# Mallet for mortising chisel?



## Smile_n_Nod (Jan 20, 2011)

What type of mallet is best for use with a mortising chisel? Is a standard wooden carpenter's or carver's mallet sufficient, or is a heavier mallet required?


----------



## KenBry (Sep 13, 2011)

Ideal mallet style
http://www.amazon.com/Crown-106-Beechwood-Mallet-2-Inch/dp/B002S0OIW6/ref=sr_1_1?ie=UTF8&qid=1340585670&sr=8-1&keywords=Wood+mallet

You can make your own, or buy one


----------



## bandit571 (Jan 20, 2011)

Seems I have a 32oz Ball Pean hammer handy when I chop mortises out. Kind of a short handle on it, a more compact swing, i guess. For those items where i can make a nice long swing, I have a long handled 20oz BP. Mortises or cold chisel work, all the same hammer to me.


----------



## LeeBarker (Aug 6, 2010)

Dead-blow hammer adherents will tell you you'll be in the game longer if you use their weapon of choice. All of the energy goes through the hammer.

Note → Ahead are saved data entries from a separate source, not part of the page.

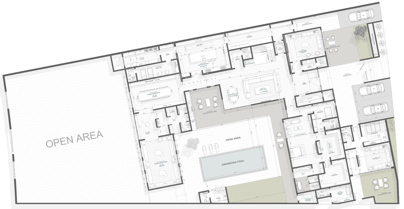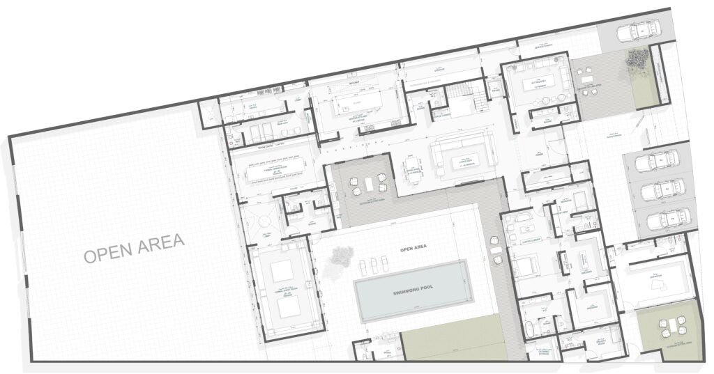 يسلط هذا المشروع الضوء على التحليل المكاني الدقيق والعلاقات الرأسية للفراغات من خلال المقاطع الهندسية (Sections) والمساقط الأفقية. يعتمد التصميم على فكرة 'الفناء الداخلي' (Courtyard) الذي يضم مسبحاً خاصاً، ليكون هذا الفناء هو القلب النابض للمنزل ومحور الحركة البصرية. تبرز القطاعات الرأسية كيفية ترابط الأدوار المختلفة وحركة السلالم حول هذا الفناء، مما يضمن تدفق الإضاءة الطبيعية والتهوية المثالية لكافة أرجاء الفيلا، مع توفير خصوصية تامة تلبي متطلبات العائلة.
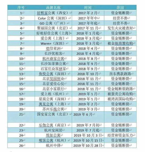 根據(jù)網(wǎng)上流傳的一份倒閉名單,2017年有4家長租公寓品牌倒閉,而到2018年又有12家因資金鏈鍛煉而退出,其中甚至還有魚悅公寓這樣房東攜款跑路的極端個案存在。
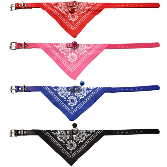 · mocna skóropodobna obroża na szyję dla średnich i większych psów, z naszytą pośrodku trójkątną chustką arabską bandanką oraz ze stalowym zapięciem i kółkiem do zapinania smyczy
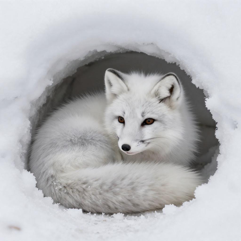 Photograph of a small, fluffy, white arctic fox curled up tightly in a snow-covered den. The fox's thick fur is light gray with white accents, and its head is nestled between its curled body and tail. The snow around the den is pristine and white, creating a stark contrast with the fox's fur.
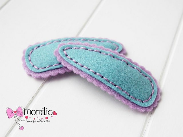 Komplet spinek do włosów z limitowanej kolekcji. Delikatne i lekkie uszyte z filcu bardzo dobrej jakości. Bardzo ładniej prezentują się na włoskach. Spinka typu pyk 5 cm wszyta w środku. Wielkość spinki 2,5 cm x 6,5 cm.
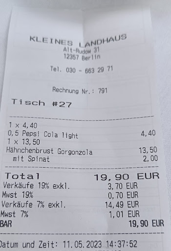 Read moreMal wieder ein Restaurant aus der Kategorie -Einmal und nie wieder- Schöner Aussenbereich und guter Aperol, leider kroch die Sonne an diesem 35 Grad warmen Tag langsam unter die Markise und ich stellte meinen Stuhl an die Stirnseite des Tisches um nicht zu verbrennen. Was das für eine Reaktion bei der Servicekraft auslöste, ist fast nicht zu beschreiben. Ich sitze nun im Laufweg und ich störe die Abläufe beim Servieren, verbunden mit einem lauten Ton. Da wir noch Freunde erwarteten, mussten wir leider sitzen bleiben, ansonsten hätte ich sofort die Rechnung geordert. So lasse ich mich nicht abfertigen. Nach einiger Zeit bekamen wir dann einen neuen Tisch und das Essen wurde serviert. Furchtbar….im Dressing ersoffener Salat und eine Fertigpizza. Selten so eine Pizza ohne Geschmack und Raffinesse gegessen. Es kam auch eine Hektik auf, die Kellner rannten, sie rannten wirklich, nach jedem Servieren zurück ins Restaurant. Nochmal furchtbar. Nächstes Drama war dann das Bezahlen. Wir hätten vorher Bescheid geben müssen, das wir mit Karte bezahlen wollen. Ach, gibt es etwa zwei unterschiedliche Rechnungen für Barzahler und für Kartenzahler? Nachtigall ick hör dir trapsen. Ob wir nicht doch bar bezahlen könnte, wurden wir erneut gefragt. Wir haben dann mit Karte bezahlt, tut mir leid , das nichts ins schwarze Schwein einbezahlt werden konnte. Dafür ist die Auswahl in Rudow zu groß um mir so etwas nochmal...

The whole story, well, 90% of it, is to move the chisel into the wood. The other 10% would be a handle that feels good.

Kindly,

Lee


----------



## Oldelm (Jun 11, 2012)

I never gave the size of the mallet I use much thought. I have used a round carpenters mallet for 25 years or so for everything. I did weigh it after seeing your post, it weighs in a 1lb 2oz. I use it for everything on the bench from barely tapping a small gouge to a hard hit on a mortise chisel. The largest mortises I cut are 1/2" and lately have been in red oak. It seems to me that if I take really heavy blows on my mortise chisels in the oak it tends to dull the chisel faster and not drive it much farther than what I feel is just a medium hit. That is with a 30 degree grind and a very slight secondary bevel. The dulling could be a function of the chisel itself, my chisels are older and not the best. The mallet has become an extension of me over the years so I guess I have that muscle training that it talked about today. I would like to see more comments on this subject. Is it mallet weight, power of the strike, chisel weight? Good subject.


----------